Я запускаю следующий скрипт Python для загрузки моего CSV-файла - PullRequest
0 голосов
/ 01 ноября 2019

Однако я получил такие ошибки, как:

Traceback (most recent call last)
<ipython-input-1-56b4f2337f02> in <module>

         47 testPredict = model.predict(testX)
         48 # invert predictions
    ---> 49 trainPredict = scaler.inverse_transform(trainPredict)
         50 trainY = scaler.inverse_transform([trainY])
         51 testPredict = scaler.inverse_transform(testPredict)

~\Anaconda3\lib\site-packages\sklearn\preprocessing\data.py in inverse_transform(self, X)
    404                         force_all_finite="allow-nan")
    405 
--> 406         X -= self.min_
    407         X /= self.scale_
    408         return X

ValueError: non-broadcastable output operand with shape (1464,1) doesn't match the broadcast shape (1464,4)

Мой набор данных имеет вид: ECDataset_Mainall.csv Может кто-нибудь объяснить немногооб этом? Пожалуйста ..

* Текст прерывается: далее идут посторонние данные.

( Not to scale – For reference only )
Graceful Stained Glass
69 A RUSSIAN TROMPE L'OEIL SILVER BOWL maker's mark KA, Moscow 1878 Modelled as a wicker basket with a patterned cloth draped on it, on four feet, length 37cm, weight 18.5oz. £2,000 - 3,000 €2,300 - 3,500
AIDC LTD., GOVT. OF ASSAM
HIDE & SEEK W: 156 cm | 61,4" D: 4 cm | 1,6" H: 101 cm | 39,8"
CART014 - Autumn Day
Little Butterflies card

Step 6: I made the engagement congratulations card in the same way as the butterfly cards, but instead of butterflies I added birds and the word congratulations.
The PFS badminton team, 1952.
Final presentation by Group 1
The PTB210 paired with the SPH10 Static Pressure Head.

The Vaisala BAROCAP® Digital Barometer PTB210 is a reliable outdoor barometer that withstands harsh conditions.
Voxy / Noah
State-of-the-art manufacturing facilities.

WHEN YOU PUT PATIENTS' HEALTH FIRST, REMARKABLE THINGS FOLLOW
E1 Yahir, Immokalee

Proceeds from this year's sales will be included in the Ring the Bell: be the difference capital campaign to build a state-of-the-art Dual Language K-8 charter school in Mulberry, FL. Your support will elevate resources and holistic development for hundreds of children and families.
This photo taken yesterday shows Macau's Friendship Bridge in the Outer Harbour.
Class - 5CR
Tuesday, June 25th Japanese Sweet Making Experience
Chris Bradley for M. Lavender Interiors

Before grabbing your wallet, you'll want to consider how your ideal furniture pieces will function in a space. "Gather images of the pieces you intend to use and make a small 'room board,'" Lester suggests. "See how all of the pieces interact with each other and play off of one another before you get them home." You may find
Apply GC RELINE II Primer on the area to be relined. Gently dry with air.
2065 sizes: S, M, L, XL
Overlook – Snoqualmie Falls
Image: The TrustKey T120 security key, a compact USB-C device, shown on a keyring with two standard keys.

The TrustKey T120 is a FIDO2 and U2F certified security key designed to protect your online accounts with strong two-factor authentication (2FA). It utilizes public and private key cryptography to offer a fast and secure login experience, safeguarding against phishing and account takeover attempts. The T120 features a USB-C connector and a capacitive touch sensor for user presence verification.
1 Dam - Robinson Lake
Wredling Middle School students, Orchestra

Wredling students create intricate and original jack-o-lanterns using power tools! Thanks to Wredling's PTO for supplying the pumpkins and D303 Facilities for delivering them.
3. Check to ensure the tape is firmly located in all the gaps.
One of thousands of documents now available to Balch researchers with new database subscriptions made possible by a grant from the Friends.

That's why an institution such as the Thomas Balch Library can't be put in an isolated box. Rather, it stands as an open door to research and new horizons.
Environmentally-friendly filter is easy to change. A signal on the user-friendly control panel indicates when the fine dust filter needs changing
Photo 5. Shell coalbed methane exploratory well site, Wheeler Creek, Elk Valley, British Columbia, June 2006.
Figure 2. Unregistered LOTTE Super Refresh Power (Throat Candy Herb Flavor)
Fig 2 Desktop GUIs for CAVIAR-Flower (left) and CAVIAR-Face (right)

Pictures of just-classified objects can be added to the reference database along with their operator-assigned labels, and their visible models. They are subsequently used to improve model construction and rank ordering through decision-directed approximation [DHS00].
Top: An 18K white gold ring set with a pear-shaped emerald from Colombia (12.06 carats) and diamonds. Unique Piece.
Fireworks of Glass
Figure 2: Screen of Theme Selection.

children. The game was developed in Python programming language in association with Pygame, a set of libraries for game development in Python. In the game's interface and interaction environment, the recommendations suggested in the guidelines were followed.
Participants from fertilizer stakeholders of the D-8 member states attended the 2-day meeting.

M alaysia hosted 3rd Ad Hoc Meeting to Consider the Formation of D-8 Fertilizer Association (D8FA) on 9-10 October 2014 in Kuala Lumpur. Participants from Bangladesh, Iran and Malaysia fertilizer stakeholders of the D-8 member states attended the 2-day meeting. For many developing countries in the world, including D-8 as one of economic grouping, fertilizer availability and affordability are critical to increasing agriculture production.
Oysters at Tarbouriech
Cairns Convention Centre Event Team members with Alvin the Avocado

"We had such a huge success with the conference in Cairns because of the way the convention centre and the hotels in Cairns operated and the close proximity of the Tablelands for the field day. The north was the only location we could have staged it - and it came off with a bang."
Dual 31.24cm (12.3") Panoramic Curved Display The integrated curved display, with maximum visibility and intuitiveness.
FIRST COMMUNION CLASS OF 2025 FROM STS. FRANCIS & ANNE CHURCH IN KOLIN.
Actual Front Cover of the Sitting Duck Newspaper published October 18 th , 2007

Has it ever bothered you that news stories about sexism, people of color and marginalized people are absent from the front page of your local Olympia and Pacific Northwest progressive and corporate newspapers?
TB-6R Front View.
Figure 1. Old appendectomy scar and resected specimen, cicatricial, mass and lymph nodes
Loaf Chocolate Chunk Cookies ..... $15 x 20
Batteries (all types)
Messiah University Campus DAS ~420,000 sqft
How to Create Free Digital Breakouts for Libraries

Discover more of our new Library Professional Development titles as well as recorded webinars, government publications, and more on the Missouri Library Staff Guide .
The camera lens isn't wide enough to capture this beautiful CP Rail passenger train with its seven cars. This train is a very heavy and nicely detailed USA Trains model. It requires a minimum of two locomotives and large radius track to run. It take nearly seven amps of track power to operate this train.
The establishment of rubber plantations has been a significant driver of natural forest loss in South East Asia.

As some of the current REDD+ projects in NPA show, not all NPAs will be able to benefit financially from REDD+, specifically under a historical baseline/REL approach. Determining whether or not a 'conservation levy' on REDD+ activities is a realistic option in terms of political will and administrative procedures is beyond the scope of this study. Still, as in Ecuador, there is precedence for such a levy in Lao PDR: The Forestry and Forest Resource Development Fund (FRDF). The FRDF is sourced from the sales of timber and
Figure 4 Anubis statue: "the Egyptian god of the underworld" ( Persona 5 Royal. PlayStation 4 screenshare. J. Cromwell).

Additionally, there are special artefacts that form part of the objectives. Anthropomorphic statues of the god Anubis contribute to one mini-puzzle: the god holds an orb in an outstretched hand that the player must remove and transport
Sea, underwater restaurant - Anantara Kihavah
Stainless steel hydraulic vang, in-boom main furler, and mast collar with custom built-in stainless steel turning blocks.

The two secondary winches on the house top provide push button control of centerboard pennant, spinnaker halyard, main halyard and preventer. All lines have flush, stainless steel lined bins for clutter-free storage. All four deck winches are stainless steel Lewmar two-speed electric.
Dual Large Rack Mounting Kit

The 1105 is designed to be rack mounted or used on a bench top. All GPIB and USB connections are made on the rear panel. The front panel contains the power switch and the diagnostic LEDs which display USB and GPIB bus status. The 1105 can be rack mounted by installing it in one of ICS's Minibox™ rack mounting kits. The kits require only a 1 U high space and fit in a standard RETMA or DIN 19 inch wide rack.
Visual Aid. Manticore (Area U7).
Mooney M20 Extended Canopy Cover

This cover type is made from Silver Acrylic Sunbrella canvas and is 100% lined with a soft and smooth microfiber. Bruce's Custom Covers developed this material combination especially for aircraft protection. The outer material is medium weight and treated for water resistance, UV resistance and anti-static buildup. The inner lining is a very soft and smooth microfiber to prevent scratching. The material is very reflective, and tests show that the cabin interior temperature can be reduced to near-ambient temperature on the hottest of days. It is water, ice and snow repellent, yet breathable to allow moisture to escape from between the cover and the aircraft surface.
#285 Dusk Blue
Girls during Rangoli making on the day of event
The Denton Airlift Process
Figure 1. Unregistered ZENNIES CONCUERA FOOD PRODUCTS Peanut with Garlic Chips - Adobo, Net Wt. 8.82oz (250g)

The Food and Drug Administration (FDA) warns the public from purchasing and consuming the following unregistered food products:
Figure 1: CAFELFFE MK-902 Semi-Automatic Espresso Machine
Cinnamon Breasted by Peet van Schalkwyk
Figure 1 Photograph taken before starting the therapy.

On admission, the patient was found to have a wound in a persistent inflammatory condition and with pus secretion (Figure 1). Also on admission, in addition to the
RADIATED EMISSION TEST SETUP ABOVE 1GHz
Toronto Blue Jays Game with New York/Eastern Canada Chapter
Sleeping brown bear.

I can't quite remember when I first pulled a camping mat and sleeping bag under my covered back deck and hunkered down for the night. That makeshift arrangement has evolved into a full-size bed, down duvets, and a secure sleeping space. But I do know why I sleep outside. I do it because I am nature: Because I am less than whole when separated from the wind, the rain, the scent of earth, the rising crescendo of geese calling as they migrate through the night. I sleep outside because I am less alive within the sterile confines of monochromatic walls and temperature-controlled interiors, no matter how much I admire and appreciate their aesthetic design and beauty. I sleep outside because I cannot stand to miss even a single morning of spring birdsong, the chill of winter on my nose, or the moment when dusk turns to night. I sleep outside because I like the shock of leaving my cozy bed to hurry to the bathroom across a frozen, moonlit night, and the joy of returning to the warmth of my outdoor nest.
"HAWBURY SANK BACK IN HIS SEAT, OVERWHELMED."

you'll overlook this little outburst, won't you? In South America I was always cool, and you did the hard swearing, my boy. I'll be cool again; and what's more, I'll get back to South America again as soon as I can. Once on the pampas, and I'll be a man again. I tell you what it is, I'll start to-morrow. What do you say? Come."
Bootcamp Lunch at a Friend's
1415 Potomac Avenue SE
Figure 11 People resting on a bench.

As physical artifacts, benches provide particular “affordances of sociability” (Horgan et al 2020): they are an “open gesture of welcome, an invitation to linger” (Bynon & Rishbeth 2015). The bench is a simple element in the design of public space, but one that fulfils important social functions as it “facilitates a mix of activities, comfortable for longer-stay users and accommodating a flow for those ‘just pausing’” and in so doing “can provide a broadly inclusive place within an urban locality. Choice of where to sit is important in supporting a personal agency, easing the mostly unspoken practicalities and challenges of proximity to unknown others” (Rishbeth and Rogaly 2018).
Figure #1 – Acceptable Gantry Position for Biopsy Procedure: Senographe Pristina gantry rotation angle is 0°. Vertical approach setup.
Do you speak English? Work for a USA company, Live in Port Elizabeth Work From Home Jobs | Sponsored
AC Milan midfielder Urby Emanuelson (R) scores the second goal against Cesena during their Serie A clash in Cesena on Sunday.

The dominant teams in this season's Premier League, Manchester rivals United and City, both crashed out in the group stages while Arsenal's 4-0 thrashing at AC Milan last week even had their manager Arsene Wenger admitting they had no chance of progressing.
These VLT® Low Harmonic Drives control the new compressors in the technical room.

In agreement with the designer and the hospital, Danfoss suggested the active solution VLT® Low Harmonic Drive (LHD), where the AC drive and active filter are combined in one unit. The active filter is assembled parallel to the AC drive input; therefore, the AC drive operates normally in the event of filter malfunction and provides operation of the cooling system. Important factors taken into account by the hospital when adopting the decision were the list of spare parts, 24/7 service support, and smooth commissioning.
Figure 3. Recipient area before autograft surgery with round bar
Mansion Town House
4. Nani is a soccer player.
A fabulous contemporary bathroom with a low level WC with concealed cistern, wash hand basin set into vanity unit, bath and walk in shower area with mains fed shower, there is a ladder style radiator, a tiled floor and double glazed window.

LSTM для прогнозирования энергии

import numpy
import matplotlib.pyplot as plt
from pandas import read_csv
import math
from keras.models import Sequential
from keras.layers import Dense
from keras.layers import LSTM
from sklearn.preprocessing import MinMaxScaler
from sklearn.metrics import mean_squared_error

преобразовать массив значений в матрицу набора данных

def create_dataset(dataset, look_back=1):
    dataX, dataY = [], []
    for i in range(len(dataset)-look_back-1):
        a = dataset[i:(i+look_back), 0]
        dataX.append(a)
        dataY.append(dataset[i + look_back, 0])
    return numpy.array(dataX), numpy.array(dataY)
# fix random seed for reproducibility
numpy.random.seed(7)

# загрузить набор данных

dataframe = read_csv('ECDataset_Mainall.csv', engine='python')
dataset = dataframe.values
dataset = dataset.astype('float32')

нормализовать набор данных

scaler = MinMaxScaler(feature_range=(0, 4))
dataset = scaler.fit_transform(dataset)

# разделить на наборы поездов и тестов

train_size = int(len(dataset) * 0.67)
test_size = len(dataset) - train_size
train, test = dataset[0:train_size,:], dataset[train_size:len(dataset),:]
# reshape into X=t and Y=t+1
look_back = 1
trainX, trainY = create_dataset(train, look_back)
testX, testY = create_dataset(test, look_back)
# reshape input to be [samples, time steps, features]
trainX = numpy.reshape(trainX, (trainX.shape[0], 1, trainX.shape[1]))  
testX = numpy.reshape(testX, (testX.shape[0], 1, testX.shape[1]))  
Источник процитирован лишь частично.